Grouse has already expressed his thoughts on the price of the rifle that surely makes it very competitive with the lower end of other makes and models. But the big question is – is it as good as one could hope for a $300 American made rifle?

I do have a problem with it, right of the top; I am not a break open fan at all when it comes to rifles. They are OK when it comes to shotguns, do nothing for me for big game hunting. So remember that if I get critical of something one of you might like.

The gun and scope arrived last week and yesterday was really the first time I got time to really look at it. Not going to say much about the new Redfield Revenge Accra-Ranger scope at this time save that for later when mine gets here.

When I unpacked the rifle and had it in my hands it really showed me nothing different than the original Vision that I had in 2009. I looked mostly the same except for the new scope rail that Knight has added to the line.

In 2009 I really was expecting a fairly light weight and inexpensively built rifle, not totally what I got. Then and today the rifle with its 24” Green Mountain barrel weighs about 7lbs 9oz, it is hefty but because if the slim line stock and the balance of the rifle it really feels to me like an easy packing rifle. It certainly is not a Featherweight or an Ultra-Light but I think it would be a very good mountain rifle or pack rifle.

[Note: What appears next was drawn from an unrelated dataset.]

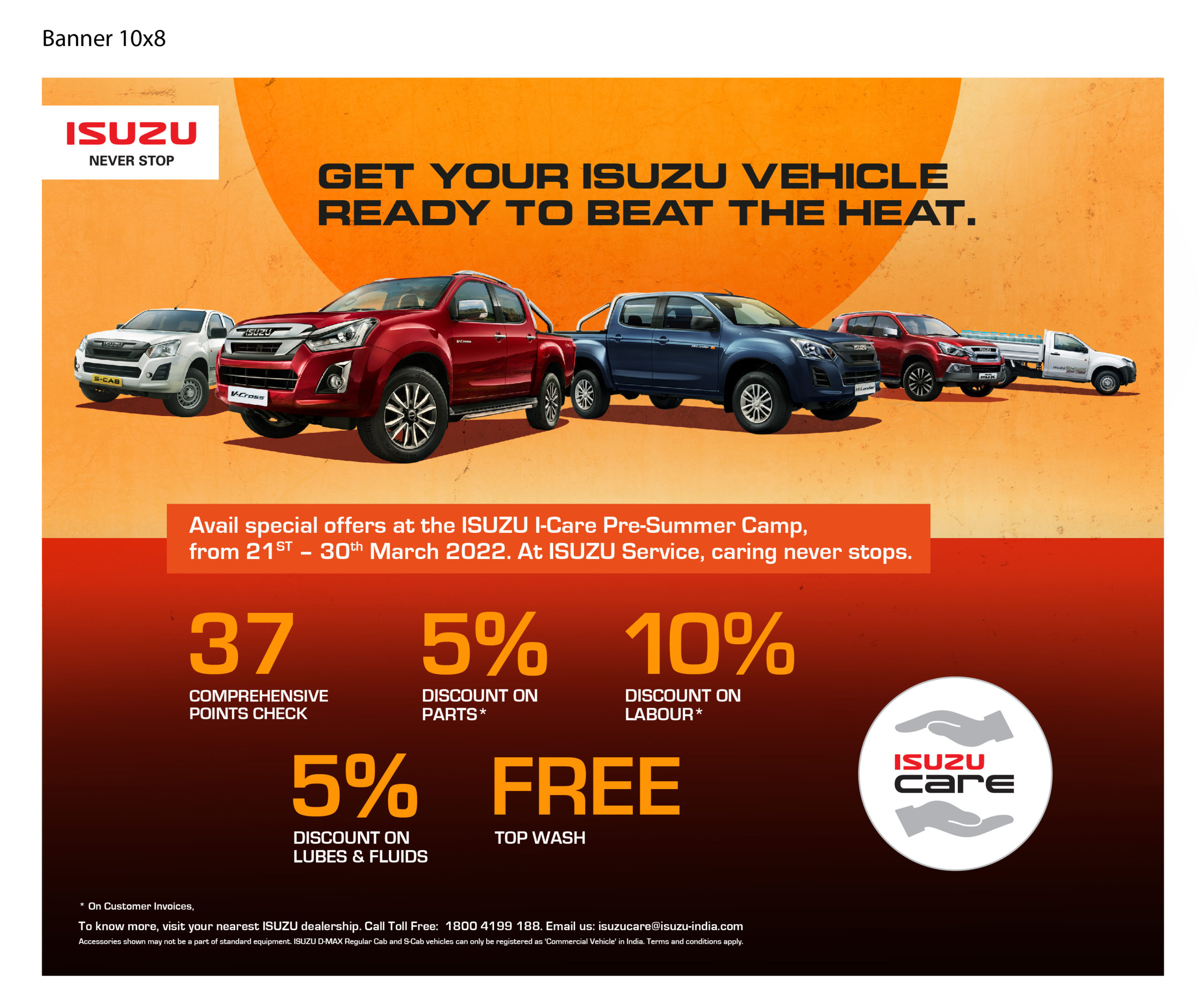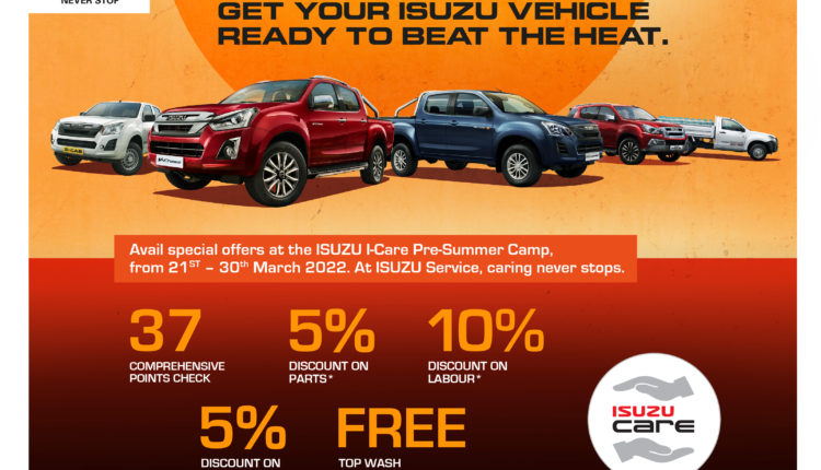 An initiative of ‘ISUZU Care’, the Pre-Summer service camp will be organised across all ISUZU authorised dealer service outlets, between 21sh and 30th March, 2022 (both days inclusive). During this period, customers can also avail special offers & benefits for their vehicles.

Weight… there is no aluminum in the working mechanism that I can find, it is all steel.

Since I had the time yesterday, I decided I wanted to take this new rifle down and see what it was all about. At the time I really did not know what it would take to take it apart.

The first thing I removed was the Trigger Assembly. Simple… remove two screws on the right side of the receiver lift up and back on the trigger guard and you have the snug fitting trigger assembly out in your hand. Really makes it a simple cleaning process.

TriggerAssembly.jpg


I really like how clean the assembly is and how simple the whole is. The new machined parts are very smooth and fit together very well. Two spring a hammer spring and trigger/sear spring work the system. I am a bit disappointed in the strength of the trigger/sear spring but more about that later.

Next I took the one screw on the left side of the receiver out and removed the barrel locking assembly. It also fit very snugly inside the receiver. Not much movement at all. This assembly has the barrel opening lever and latch assembly neatly tucked in a small space. Again machined parts the fit very well and operated very smooth. This assembly also blocks the hammer from reaching the firing pin if the rifle is not locked up tight and safe. And of course there is a solid trigger bar safety.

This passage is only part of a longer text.